In 1998, Michael Costanza sued the show for US$100,000,000, claiming that he never gave permission for his name to be used and that, because of the character's appearance and behavior, he was not treated with respect. Costanza lost the suit, as the New York Supreme Court decided that Seinfeld and David "did not violate Michael Costanza's privacy rights when they created the character".

==Reception==
In a list of the "50 Greatest Sidekicks" compiled by Entertainment Weekly, George was placed third, behind Robin from the Batman franchise and The Tonight Show Starring Johnny Carson co-host Ed McMahon. On a Florida Times-Union list of the 50 greatest sitcom characters of all time, George was ranked third, behind Lucy Ricardo from I Love Lucy and Barney Fife from The Andy Griffith Show. In 1999, TV Guide published a list of the 50 best characters in television history, on which George was ranked 10th. The People called George the greatest television character on a list of the 100 best television characters. British comedian Ricky Gervais and Guardian columnist Marina Hyde have both called George "arguably the greatest sitcom character of all time".

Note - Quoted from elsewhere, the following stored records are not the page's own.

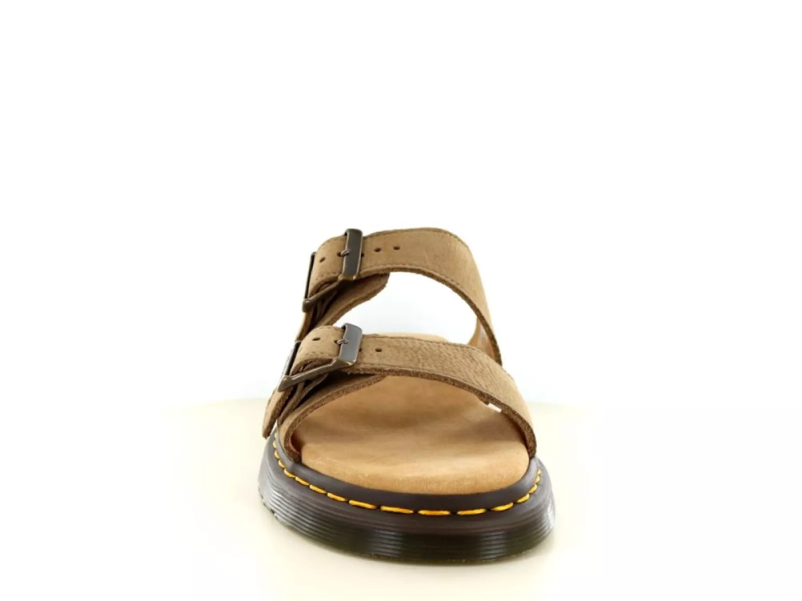 De New Shores Slide van Dr. Martensis een mooie slipper gemaakt van suede, voor heren. Deze slipper is uitgevoerd in de kleur savannah tan tumbled. De sluiting is door middel van een gesp.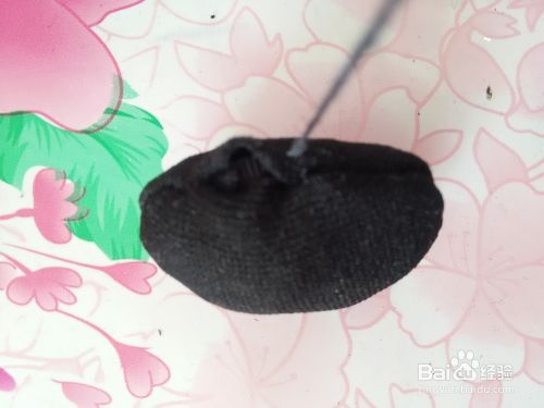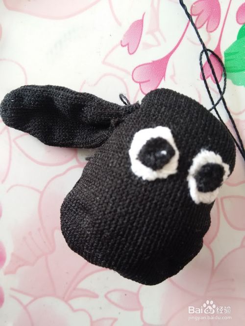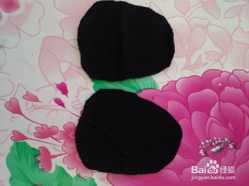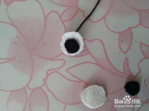 按图剪出眼睛布块,把黑色布块缝在白色布块上(如图),再把缝好的眼睛用针线缝在头部合适位置上(如图)。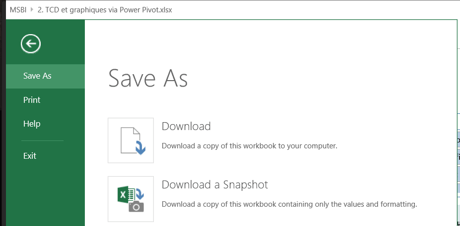 - enregistrer un “snapshot” du fichier (vous n’avez pas besoin d’une version Excel avec Power Pivot pour utiliser cette option).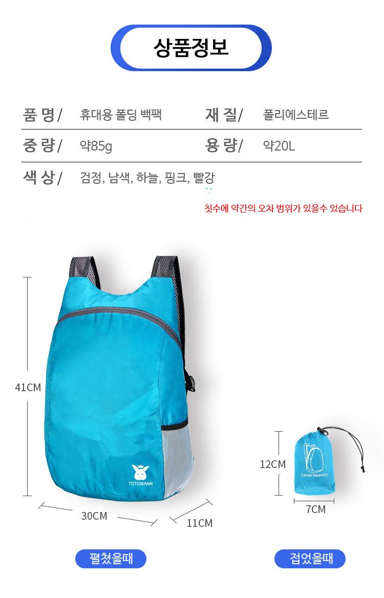 • 초경량 휴대용 폴딩 접이식 백팩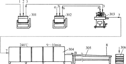 图5-2-4 月饼生产工艺设备流程图 1-面粉 2-香油、饴糖、白糖糖浆 3-面团(皮料) 4-熟面粉 5-香油、白糖、桃仁等 6-馅料 7-月饼生坯 8-烘焙成熟的月饼 301-调粉机 302-调粉机 303-月饼包馅机 304-烤炉 305-冷却输送机 306-成品箱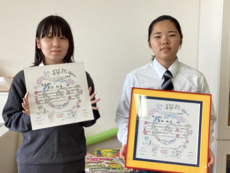 機械技術科1年菊田桃花さんが準グランプリ、産業経済科3年長尾柚菜さんが奨励賞を受賞しました。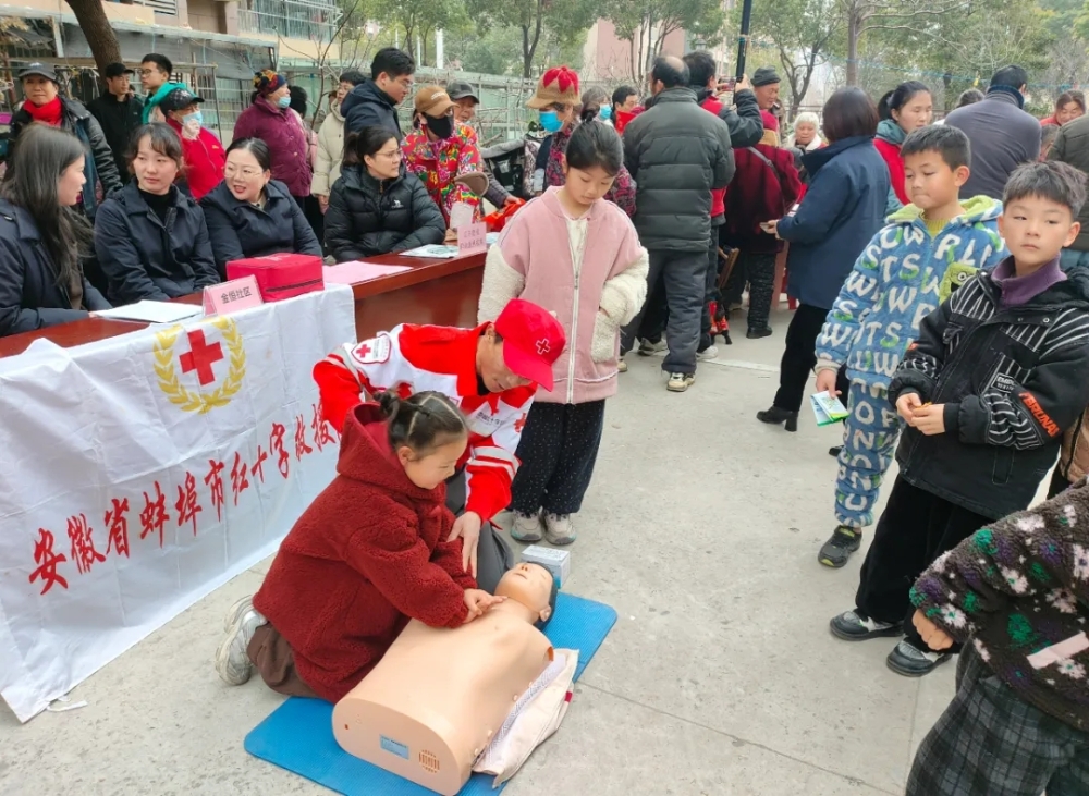 2月5日上午,由蚌埠市红十字救援队组织的“急救知识进社区”公益宣传活动在滨湖花园二期小区广场举行,为社区居民带来了一堂生动实用的生命救护课。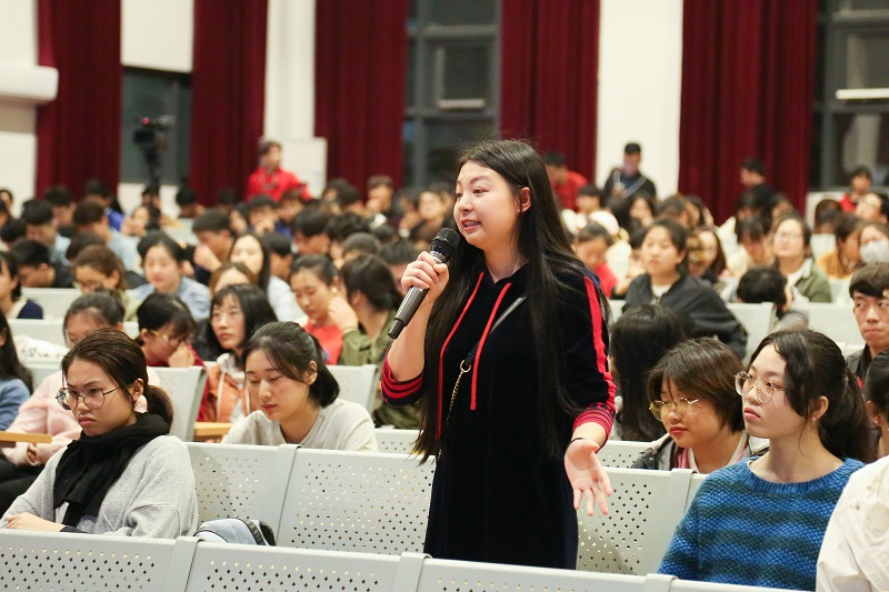 紧接着,陆教授与同学们进行了讨论,他提出一些有趣的问题:“和的意义是什么”、“什么是财”、“钱从哪里来”。对此,同学们都积极的做出应答,答案更是迥然不同。在一番激烈的讨论后,陆教授对所提出的问题进行了生动的讲解,让同学们更好的去理解问题的涵义。

For his performance as George, Alexander was nominated for various awards. In 1992, he received his first Primetime Emmy Award nomination in the category Outstanding Supporting Actor in a Comedy Series; however, he lost the award to Michael Jeter for Evening Shade. He received nominations in the same category the following six years, but failed to win each year. In addition, Alexander was nominated for four Golden Globe Awards—in 1993, 1994, 1995, and 1998—in the Best Supporting Actor in a Series, Miniseries or Motion Picture Made for Television category, but never won the award. In 1995, Alexander received the Screen Actors Guild Award for Outstanding Performance by a Male Actor in a Comedy Series, he also shared the Screen Actors Guild Award for Outstanding Performance by an Ensemble in a Comedy Series with Seinfeld, Louis-Dreyfus, and Richards. From 1996 through 1998, Alexander was nominated in the same two categories, co-winning the ensemble award in 1997 and 1998. In 1999, he was nominated for Outstanding Performance by a Male Actor in a Comedy Series for the last time, but lost to Michael J. Fox for his portrayal of Michael Flaherty on Spin City. In 1992 and 1993, Alexander won the American Comedy Award for Funniest Supporting Male Performer in a TV Series. He was also nominated for the award in 1996 (with Richards) and 1999 but did not win again.